* [Records to use]
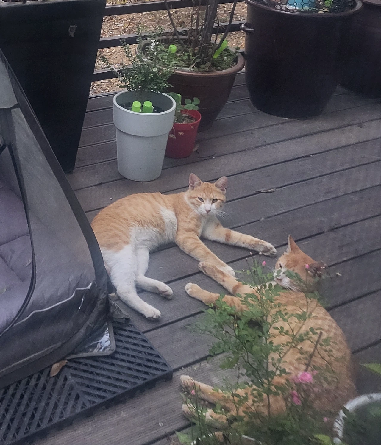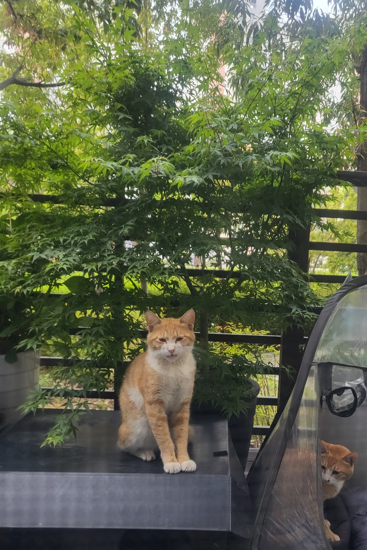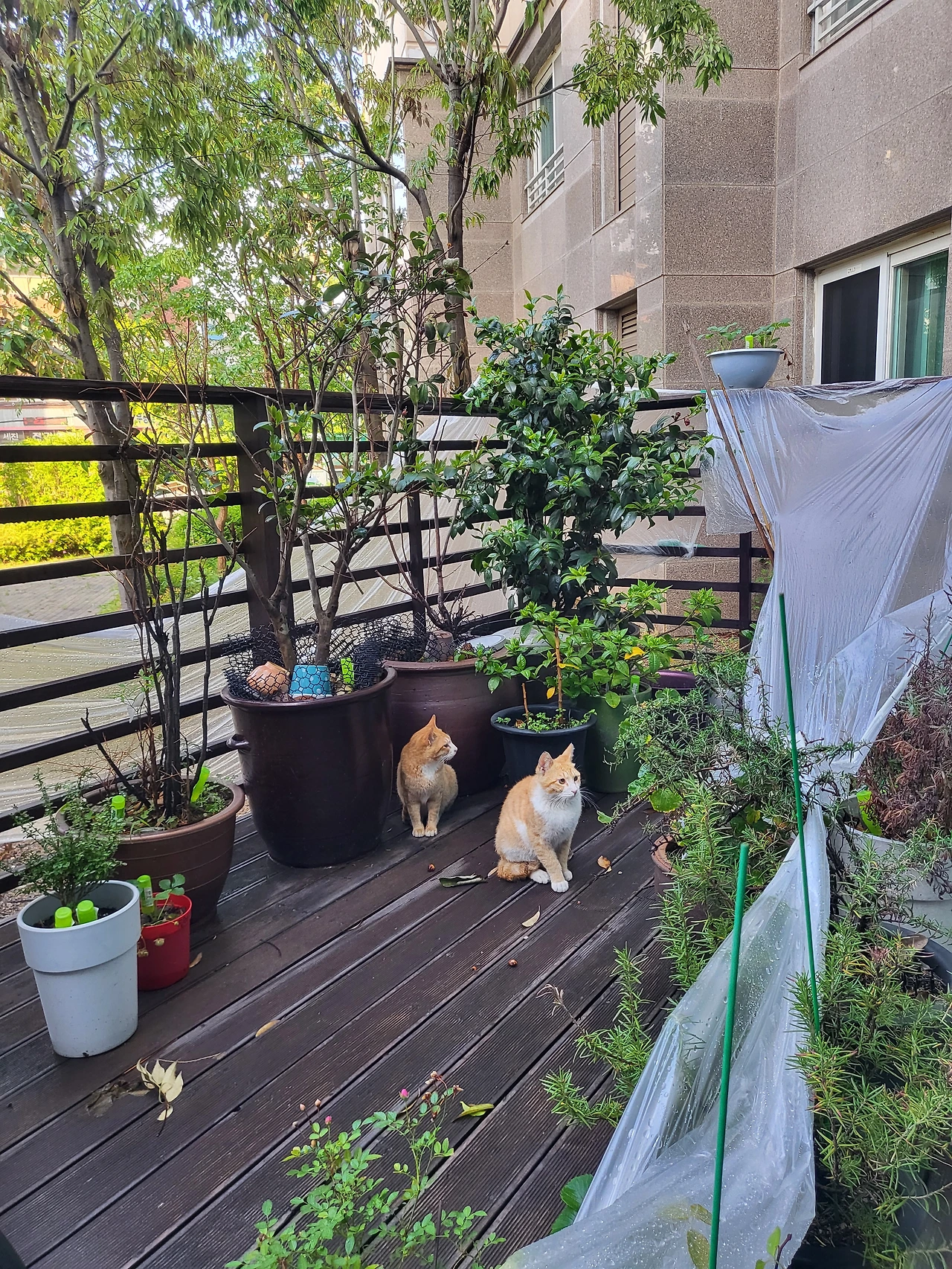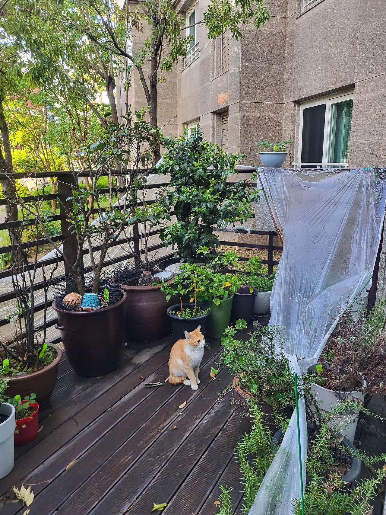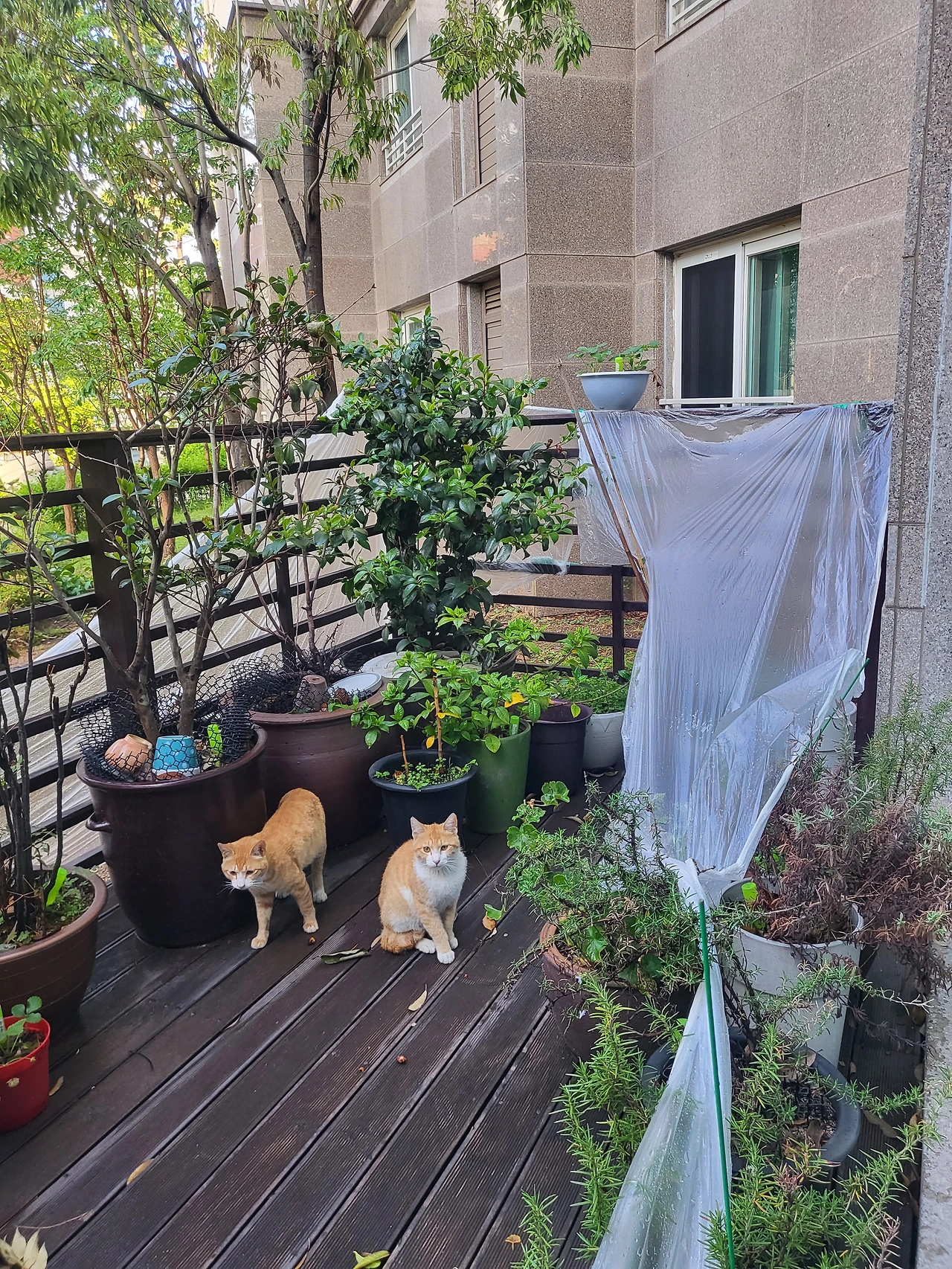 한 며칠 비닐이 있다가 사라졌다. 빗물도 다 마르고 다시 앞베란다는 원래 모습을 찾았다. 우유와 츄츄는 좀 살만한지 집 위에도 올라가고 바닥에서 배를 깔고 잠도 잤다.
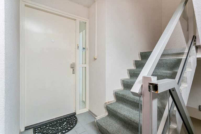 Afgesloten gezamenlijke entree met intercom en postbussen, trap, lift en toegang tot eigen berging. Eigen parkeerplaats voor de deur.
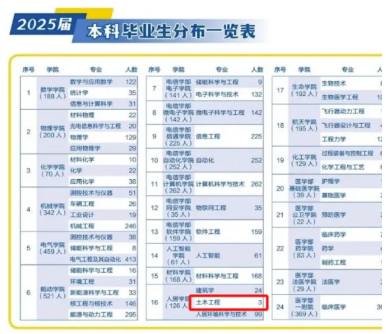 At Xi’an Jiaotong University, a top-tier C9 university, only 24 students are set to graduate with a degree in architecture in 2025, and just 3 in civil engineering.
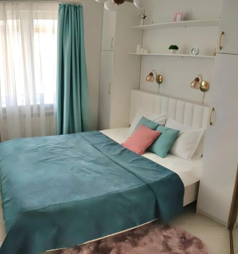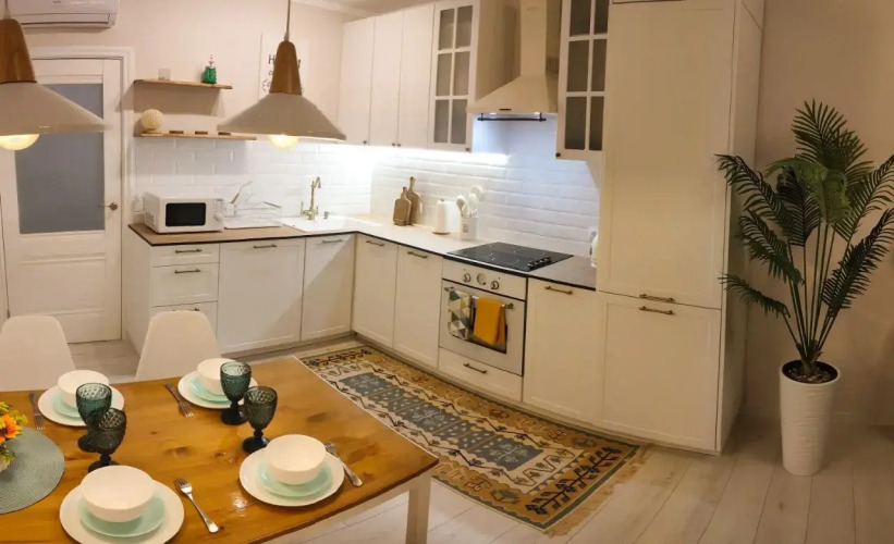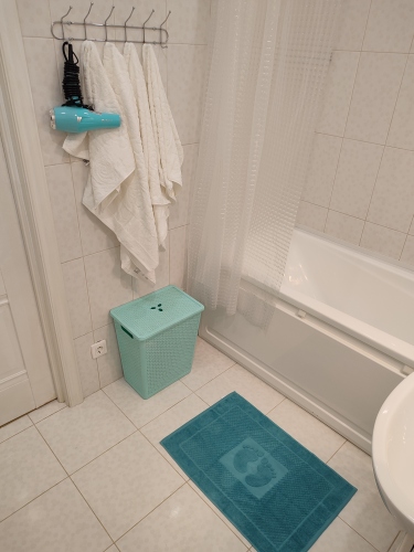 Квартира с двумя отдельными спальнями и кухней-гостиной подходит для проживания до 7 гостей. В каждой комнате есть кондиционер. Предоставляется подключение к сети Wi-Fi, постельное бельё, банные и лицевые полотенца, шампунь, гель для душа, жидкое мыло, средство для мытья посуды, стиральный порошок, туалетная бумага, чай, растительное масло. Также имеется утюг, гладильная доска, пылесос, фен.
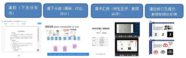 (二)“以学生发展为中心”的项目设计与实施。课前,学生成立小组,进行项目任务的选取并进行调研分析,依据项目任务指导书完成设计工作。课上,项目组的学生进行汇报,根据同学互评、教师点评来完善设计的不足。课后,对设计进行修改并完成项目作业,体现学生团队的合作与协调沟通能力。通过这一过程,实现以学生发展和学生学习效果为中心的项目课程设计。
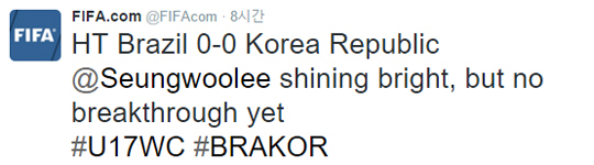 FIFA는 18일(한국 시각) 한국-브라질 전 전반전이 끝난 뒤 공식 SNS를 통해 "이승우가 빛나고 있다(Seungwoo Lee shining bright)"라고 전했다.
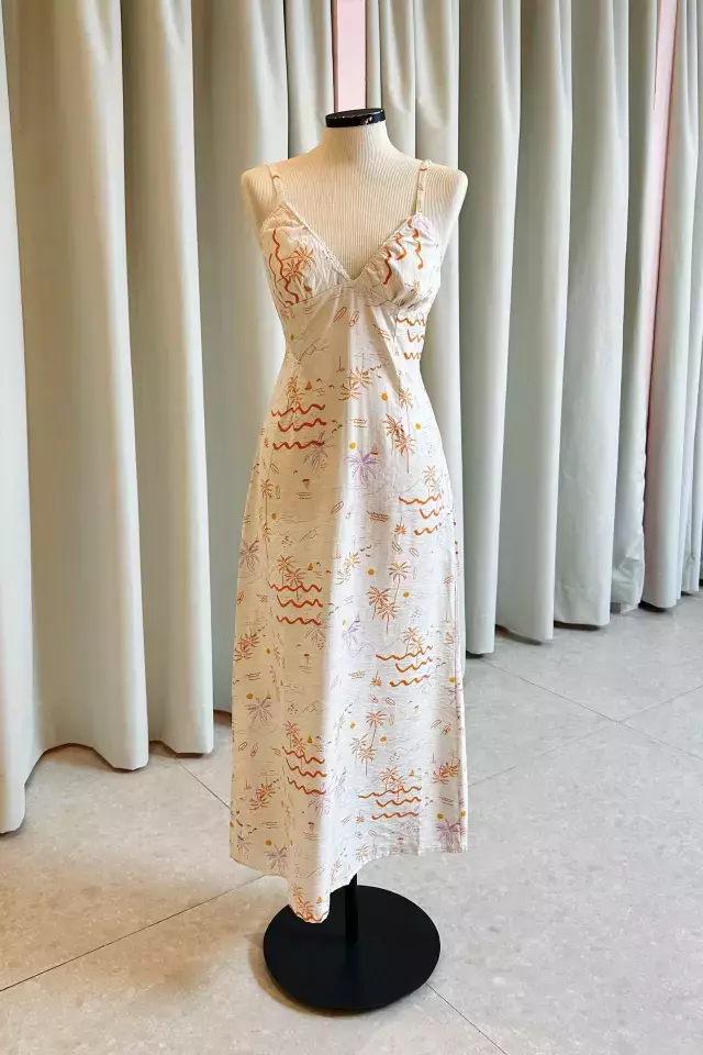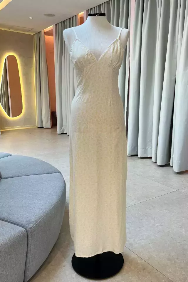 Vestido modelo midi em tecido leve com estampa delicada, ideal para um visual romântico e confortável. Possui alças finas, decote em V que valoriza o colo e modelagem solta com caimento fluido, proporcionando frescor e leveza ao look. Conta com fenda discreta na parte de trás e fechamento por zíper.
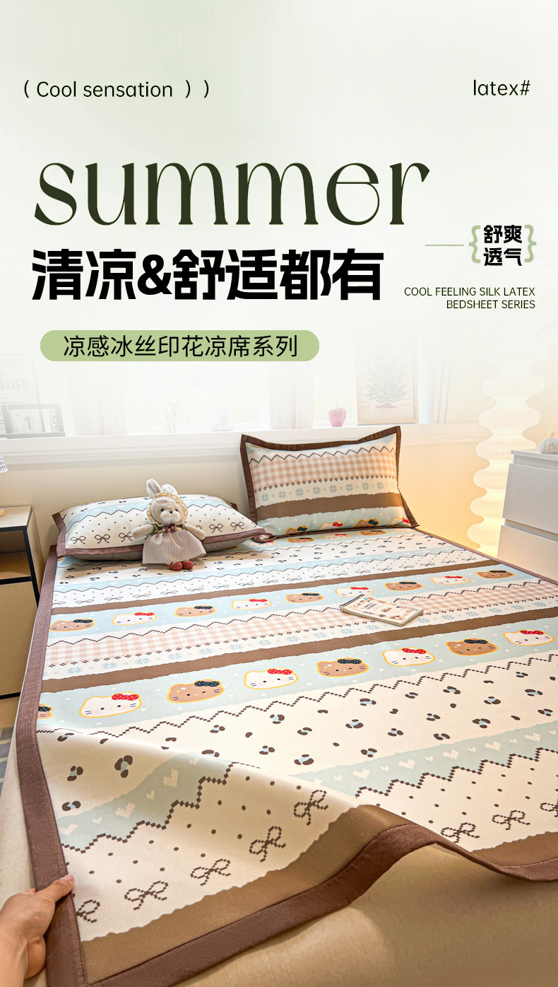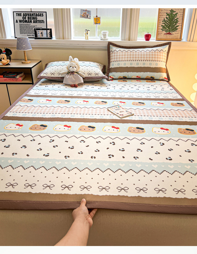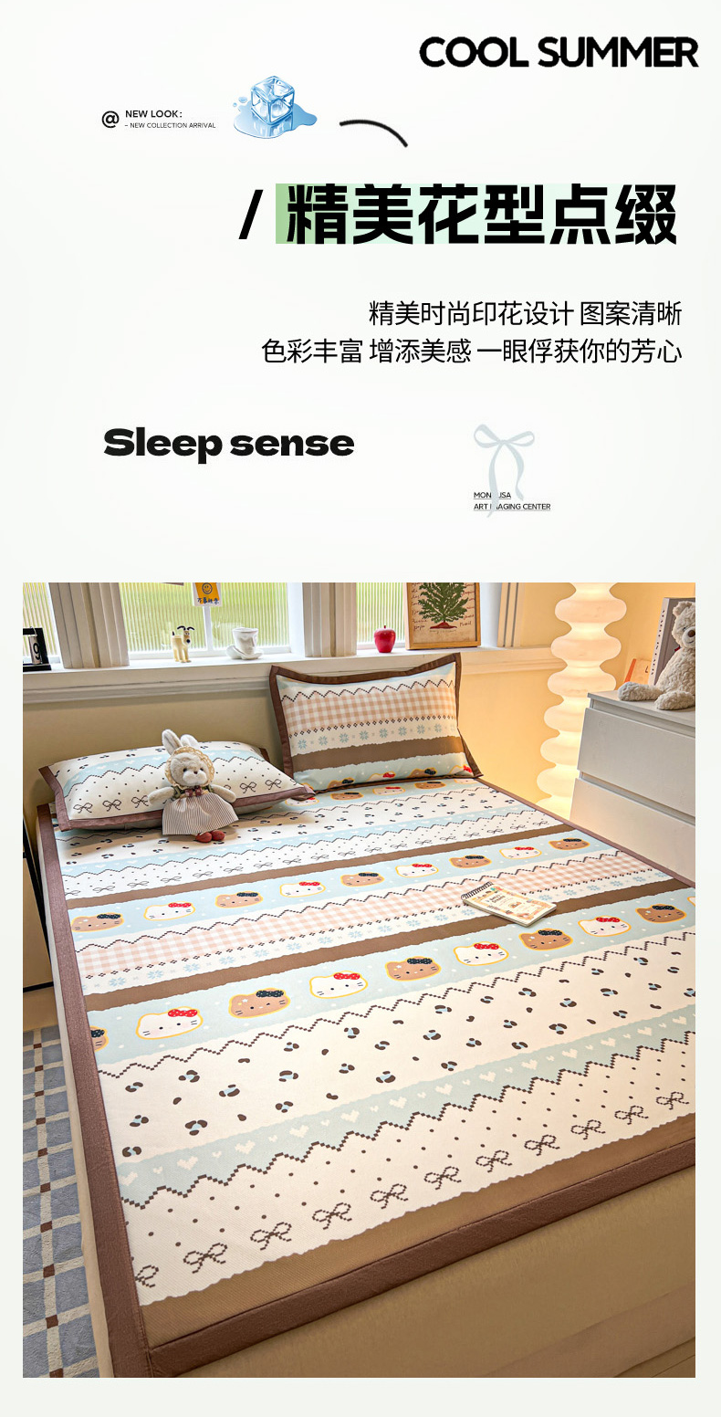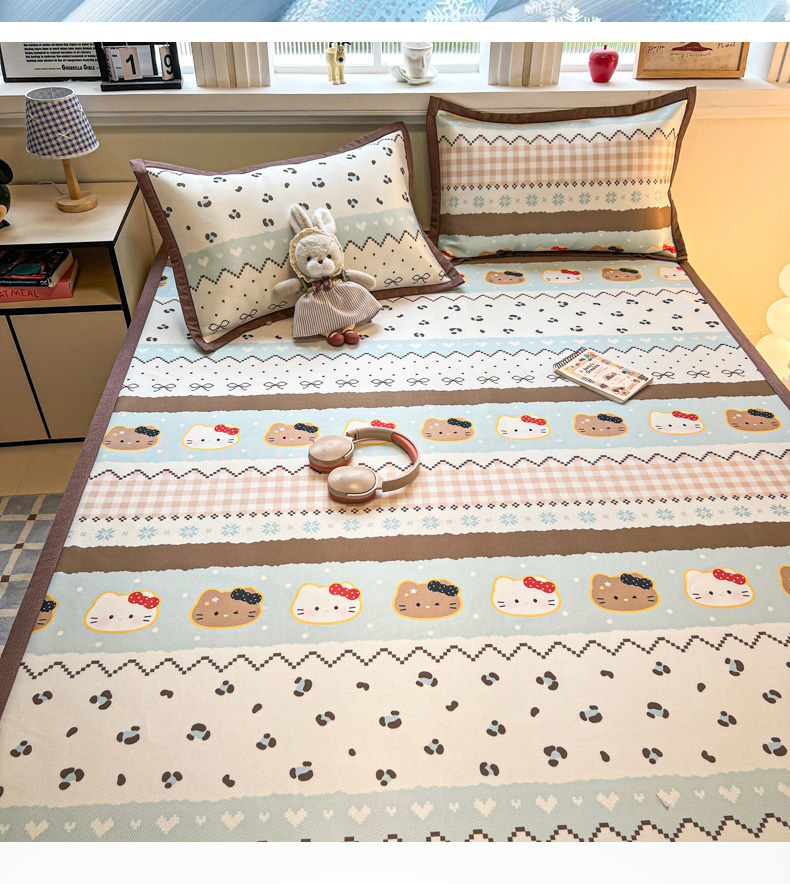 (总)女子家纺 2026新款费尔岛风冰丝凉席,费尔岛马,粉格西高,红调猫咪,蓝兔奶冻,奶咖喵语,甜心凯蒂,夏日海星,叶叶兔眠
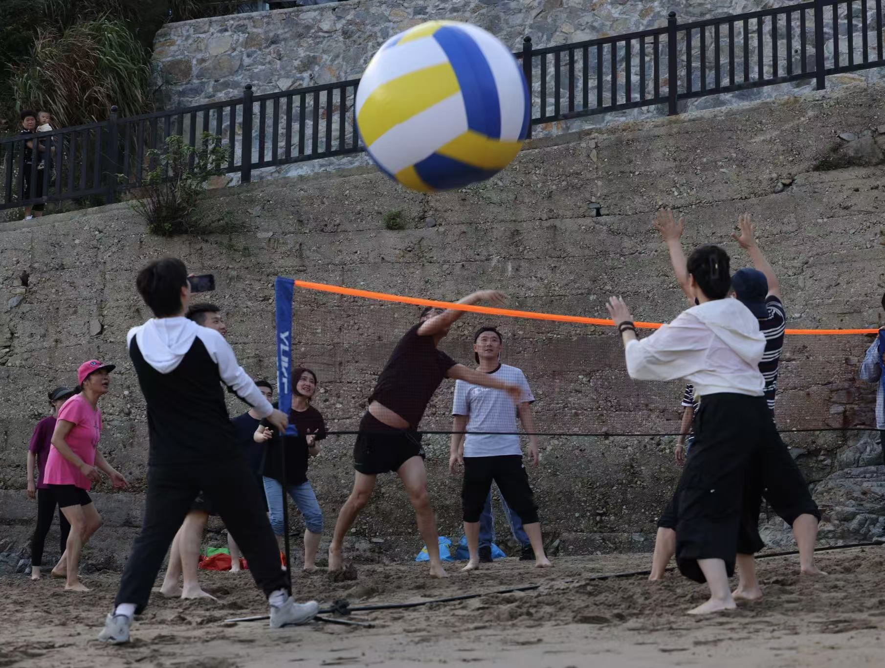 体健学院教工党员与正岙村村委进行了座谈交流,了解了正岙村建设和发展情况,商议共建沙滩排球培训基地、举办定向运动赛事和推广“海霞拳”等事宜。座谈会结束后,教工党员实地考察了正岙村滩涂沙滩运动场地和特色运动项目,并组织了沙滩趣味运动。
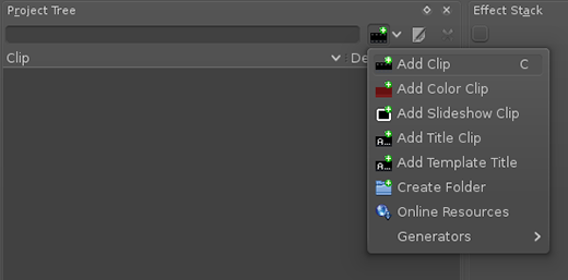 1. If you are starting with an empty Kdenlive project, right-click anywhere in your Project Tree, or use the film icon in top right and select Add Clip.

* [Task statement]
Within the listing above, print exactly the stretch beginning at the line that contains "Vestido modelo midi" and finishing at the line that contains "(总)女子家纺 2026新款", ends kept, pictures left out, and nothing more.

* [Your response]
 Vestido modelo midi em tecido leve com estampa delicada, ideal para um visual romântico e confortável. Possui alças finas, decote em V que valoriza o colo e modelagem solta com caimento fluido, proporcionando frescor e leveza ao look. Conta com fenda discreta na parte de trás e fechamento por zíper.
 (总)女子家纺 2026新款费尔岛风冰丝凉席,费尔岛马,粉格西高,红调猫咪,蓝兔奶冻,奶咖喵语,甜心凯蒂,夏日海星,叶叶兔眠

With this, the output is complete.